Behavior
Wolves mainly use body language to convey the rules for the family. Wolf families usually consist of the breeding pair (mom and dad) and their offspring of varying ages. Sometimes unrelated wolves will join a family too. To maintain order, wolves will rely on their posture, tail position, facial expression and ear position to articulate their status and role within the family. Wolves will also use body language to communicate intentions or to initiate some fun.
The parents (sometimes referred to as the “alpha” pair) are the leaders of the pack, and they express their status with erect posture and tails carried high. The less dominant family members (usually the offspring in the family) exhibit their position through submissive behavior. With lowered tails and posture, less dominant wolves acknowledge their role and rank in the family hierarchy. Pawing, tail tucking, and muzzle-licking are among the submissive gestures expressed by less dominant wolves.
Examples of wolf behavior
- Play: When seeking to play, wolves will dance and bow playfully. Playtime can also include a game of chase, jaw sparring, and varied vocalizations. For wolves, playtime isn’t only fun, it strengthens family bonds.

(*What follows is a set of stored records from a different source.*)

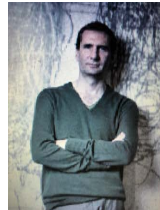
Adrien Gardere Historique permanent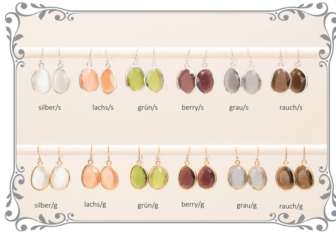
2013 Ohrring Drop oval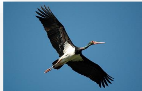
Cigogne noire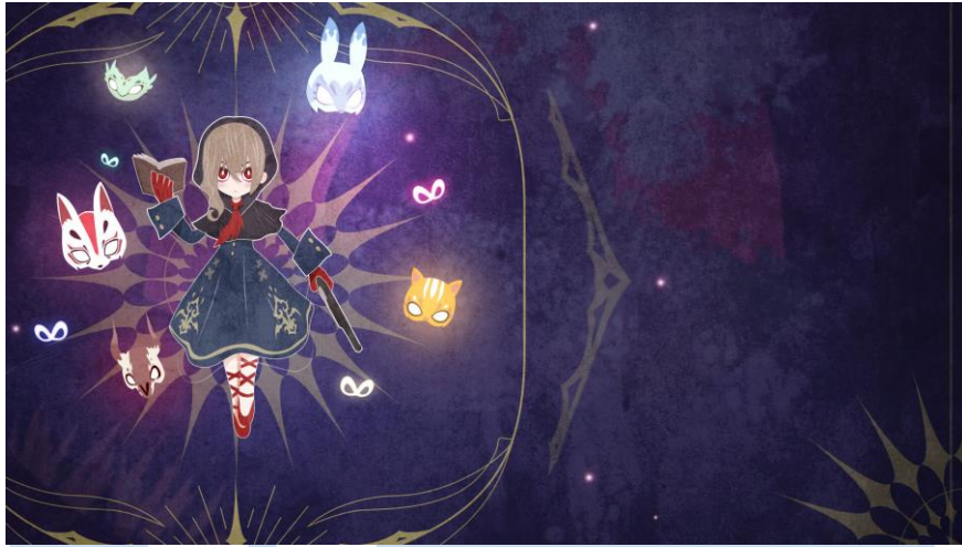
Gambar 2.5 Masquaradious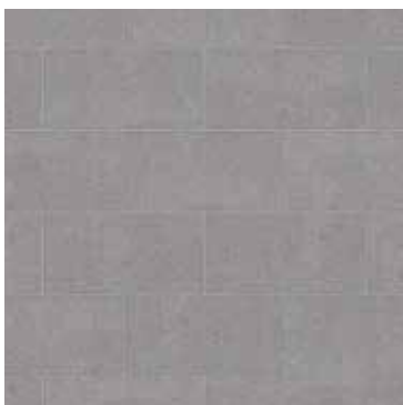
12 x 24 Milano Lisse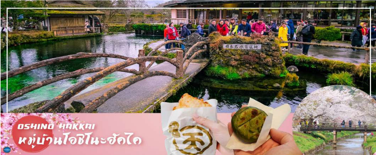
OSHINO HAKKAI หมู่บ้านโอชิโนะฮัคไค

เมืองยามานาชิ - หมู่บ้านโอชิโนะฮัคไค (จุดชมซากุระขึ้นกับภูมิลูกฟ้า) - การเรียนพิธีชงชาญี่ปุ่น - กรุงโตเกียว - ชมแมวยักษ์ 3 มิติ พร้อมช้อปปิ้ง ย่านชินจูกุ - เมืองนาริตะ

- Greeting: Wolf greeting behavior involves tail-wagging, muzzle licking and tail tucking - gestures of intimacy and enthusiasm that reaffirm the unique emotional bonds that shape the foundation of the family.
Communication
Wolves are highly social animals that live in well-organized family units called packs. Cooperative living gives wolf families a number of benefits. It facilitates successful hunting, pup-rearing, defending pack territory, and more. Communication is key to successful group living and wolves communicate effectively in a number of ways.

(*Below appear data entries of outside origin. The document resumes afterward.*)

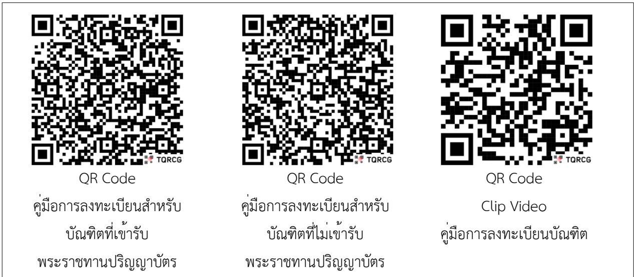
ภาพที่ 2 แสดง QR Code คู่มือการลงทะเบียนบัณฑิต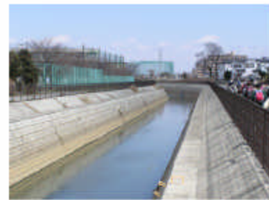
葛西橋の北側は用水路ということ で一変します。ホントに何にもあり ません、いません。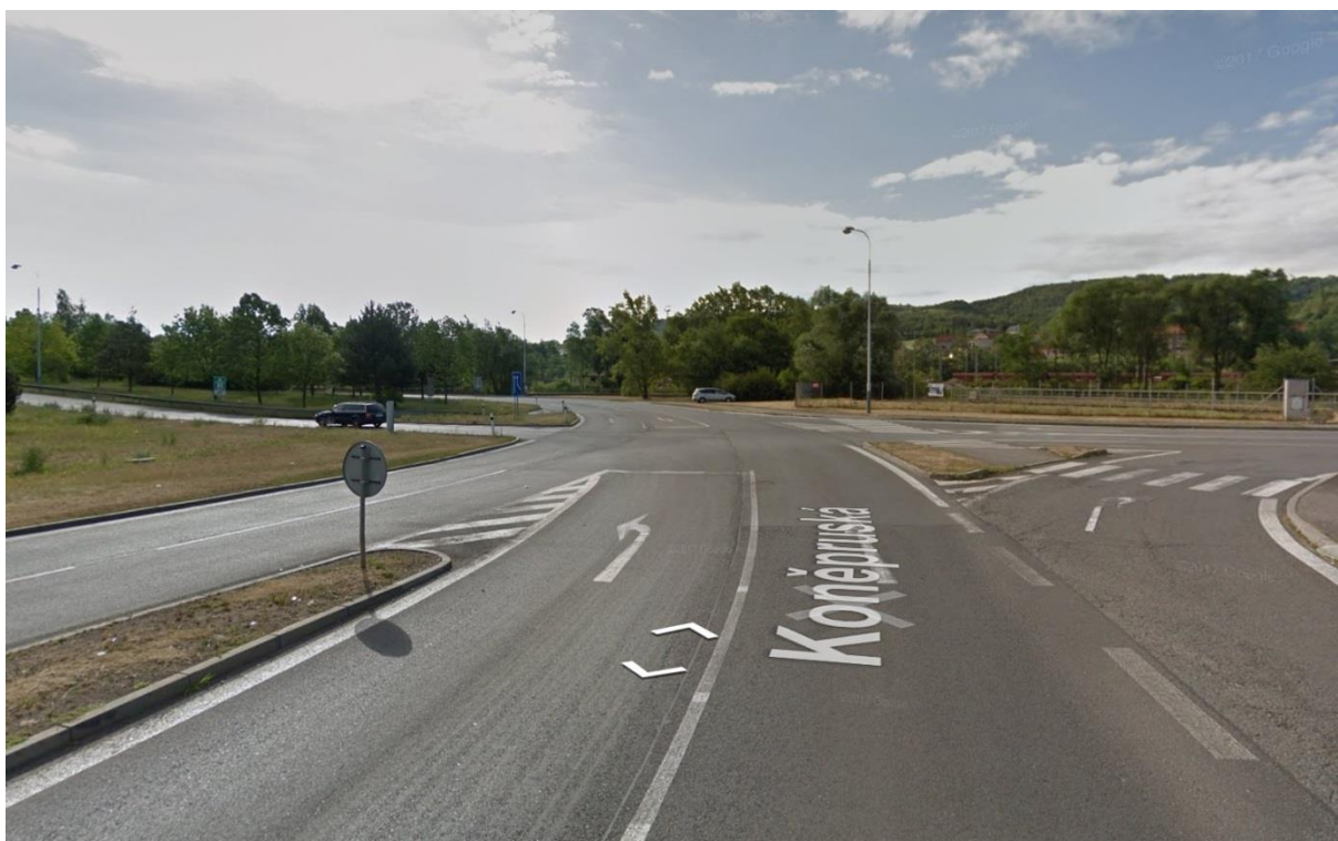
Obr.4 - Pohled na křižovatku ze směru Beroun – centrum, silnice 11533, ulice Koněpruská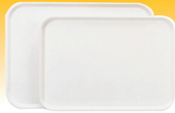
SN4322 塑料托盘(米白) 412x300x22 SN4323 塑料托盘(米白) 455x342x21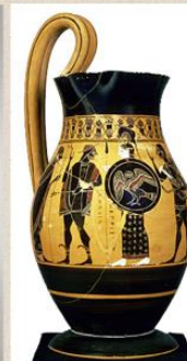
Olpé attique à figures noires Peintre d'Amasis Vers 550-530 av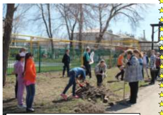
6-ой класс: уборка территории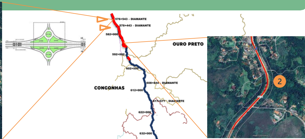
2 CURVA CELINHA BR040 – km 589,310 Duplicação Correção traçado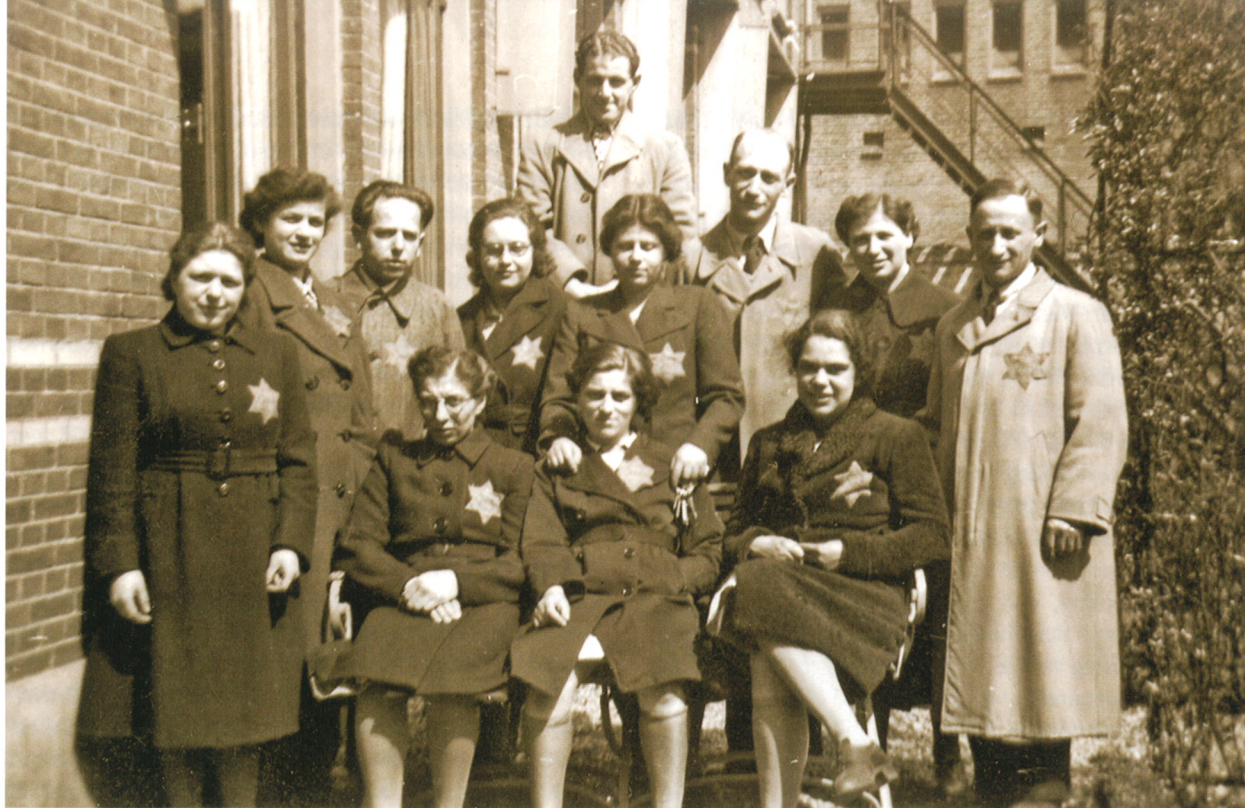
Personeel van het Joods Bejaardentehuis in de tuin achter Gebouw De Haven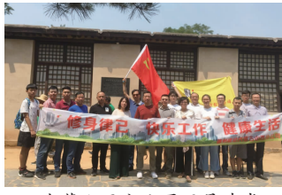
内蒙古西分公司开展建党79周年庆祝活动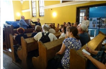
Synagoge in Komarno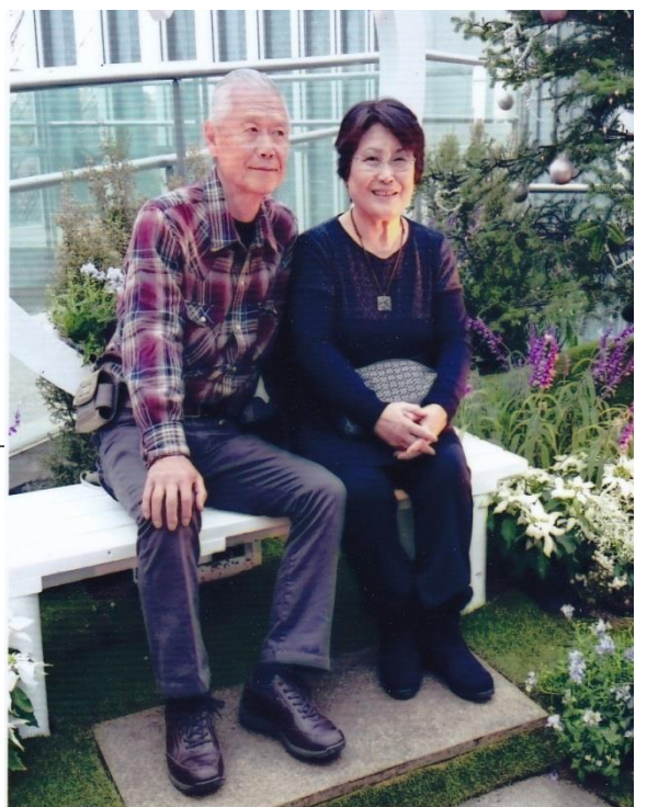
(H28年11月淡路夢舞台にて)

現在72歳。年若くして結婚したため、この歳で結婚50年とは感慨深いものがある。姫路から上阪し会社の寮に入っ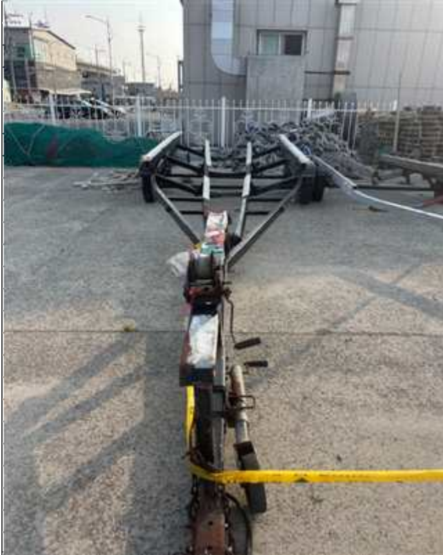
1. 번호판 부재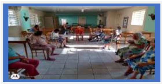
JOGO DE BAMBOLÊ DIA 22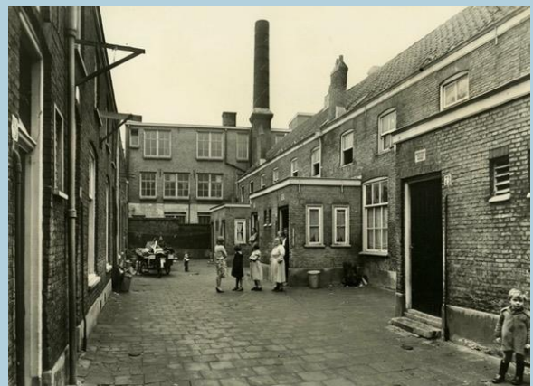
1954 Falckstraat met onbewoonbaar verklaarde woning aan de rechterzijde.

Although wolves use varied vocalizations to express themselves, if you ask anyone about wolf sounds, it’s likely the howl that comes to mind. Howling helps keep family members (or pack-mates) together. Because a pack’s territory can range over vast areas, it’s not unusual for members of the pack to become separated from one another. Wolves can call to one another over great distances by howling. A howl’s low pitch and long duration is well suited for transmission on the wild landscape – a wolf’s howl can be heard up to 10 miles away in open terrain!
Wolves can howl to locate other wolves, advertise the size of their pack, to warn other family members of danger using a bark howl, and more. Just like us, each wolf has a unique voice so distinctive features of each individual’s howl allow wolves to identify each other. And when every member of the pack joins the chorus, the singular howls and their harmonies give the listener the impression that pack is larger than it actually is.

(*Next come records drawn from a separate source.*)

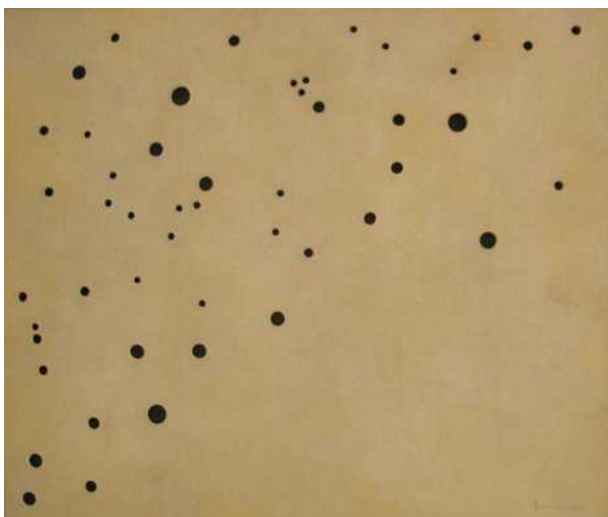
Sense títol, 2012, mixta sobre fusta, 42,5 x 50,5 cm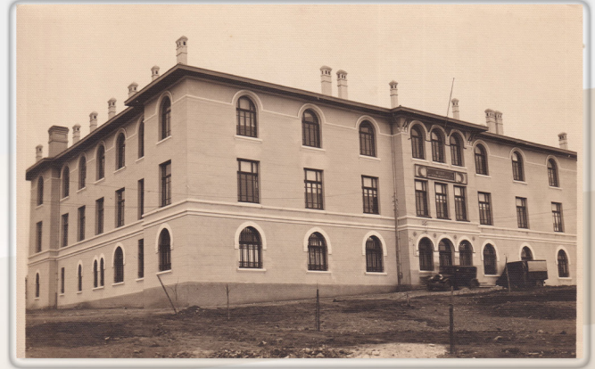
1930'lu Yıllar 1930s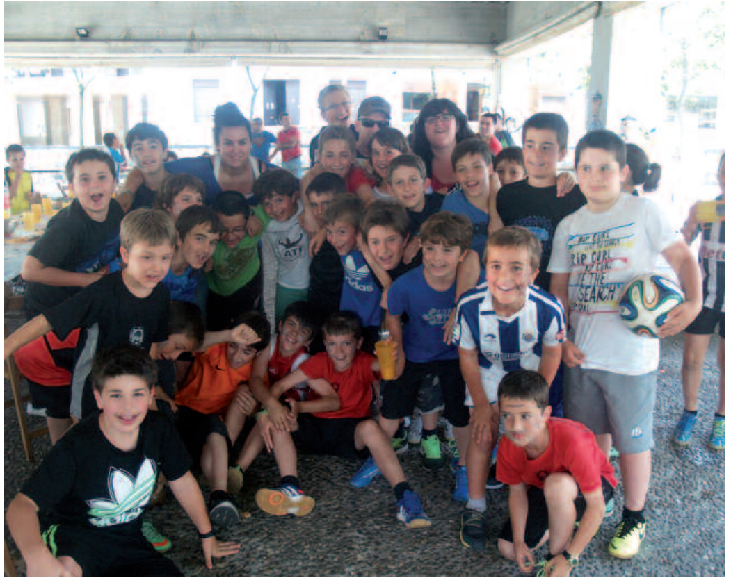
Giro ederrean ospatu zuten bere eguna Usurbil Futbol Taldeak.

Beteranoen txanda arratsaldean. Euren arteko futbol partidak jokatu ziren frontoian. Eguna amaitzeko, herri afari baten bueltan bildu ziren Askatasuna plazan, Usurbil FT-ko jokalariek, entrenatzaile eta zuzendaritzako kideak.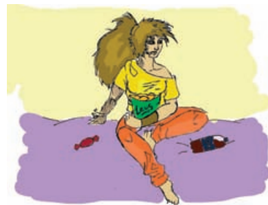
Чипсами фигуру не сберечь

Собственно говоря, понятно, что и эта затея не увенчалась успехом. Тогда мы решили, что спортчас придуман тоже не зря. И несмотря на то, что какие-то странные люди поставили спортчас сразу поле тихого часа, когда все насильно разгоняются по палатам (ну, кто насильно, а кто сам несетя в палату с воплем: «Кроватка, я люблю тебя!») и спят, а потом злобные, сонные, плетутся на плац. Некоторым личностям из нашей палаты, волею судьбы не принадлежащим к театральному отряду, удается неплохо побегать, попрыгать и поиграть в волейбол. Как ни странно, есть даже результаты, так что можете смело брать на заметку: спортчас — это веселый и эффективный способ следить за фигурой.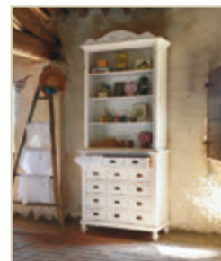
Art. 1205 - pag. 12 Art. 1234C - pag. 12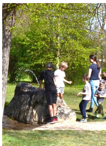
Obrázek č.38.: Pítko ve stromovce, které je využíváno hlavně dětmi.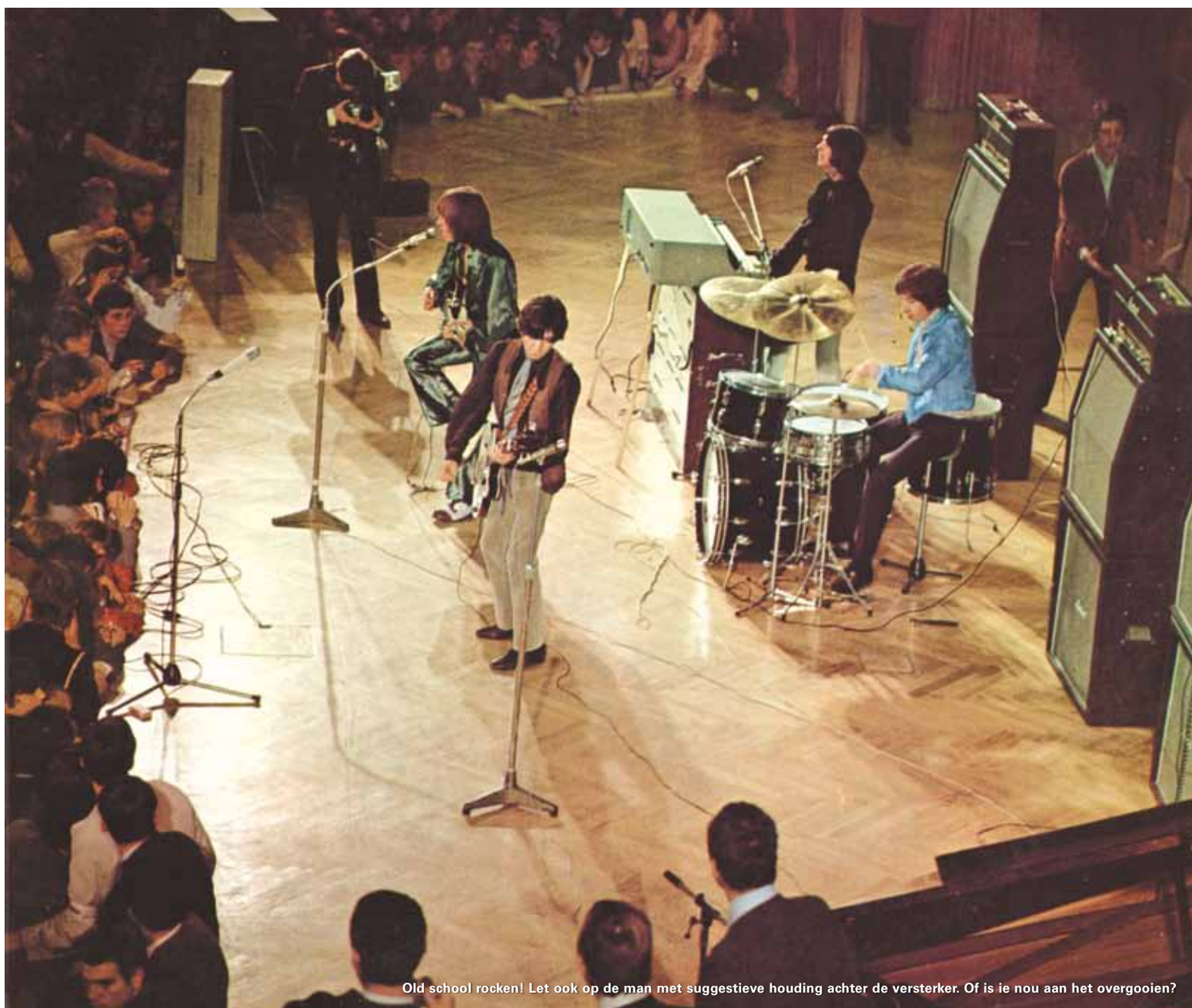
Old school rocken! Let ook op de man met suggestieve houding achter de versterker. Of is ie nou aan het overgooien?

een diepe denker en vooral een goede vriend. Ik mis hem nog iedere dag, maar ik weet dat hij altijd wel bij me is.'

Researchers have now found that wolves howl more frequently to members of their pack with whom they spend more time thus suggesting a link between relationship quality and howling frequency.
Howling isn’t the only vocalization employed by wolves. They also bark, huff, whine, whimper, yelp, growl, and snarl.
Ecology
An ecosystem is a biological community of interacting organisms and their physical environment. It includes all of the living things interacting with each other and non-living environments (weather, earth, sun, soil, climate, atmosphere) in a given area.
In an ecosystem, all species rely on each other and each organism has its’ own niche or role to play. A keystone species is a plant or animal that plays a disproportionately large role in the ecosystem – impacting both the prevalence and population levels of other species within their community. A keystone species is often, but not always, a predator. Outnumbered greatly by their prey, predators can control the distribution and population of large numbers of prey species.
Wolves are a critical keystone species in a healthy ecosystem. By regulating prey populations, wolves enable many other species of plants and animals to flourish. In this regard, wolves initiate a domino effect – “touching” songbirds, beaver, fish, and butterflies. Without predators, such as wolves, the system fails to support a natural level of biodiversity.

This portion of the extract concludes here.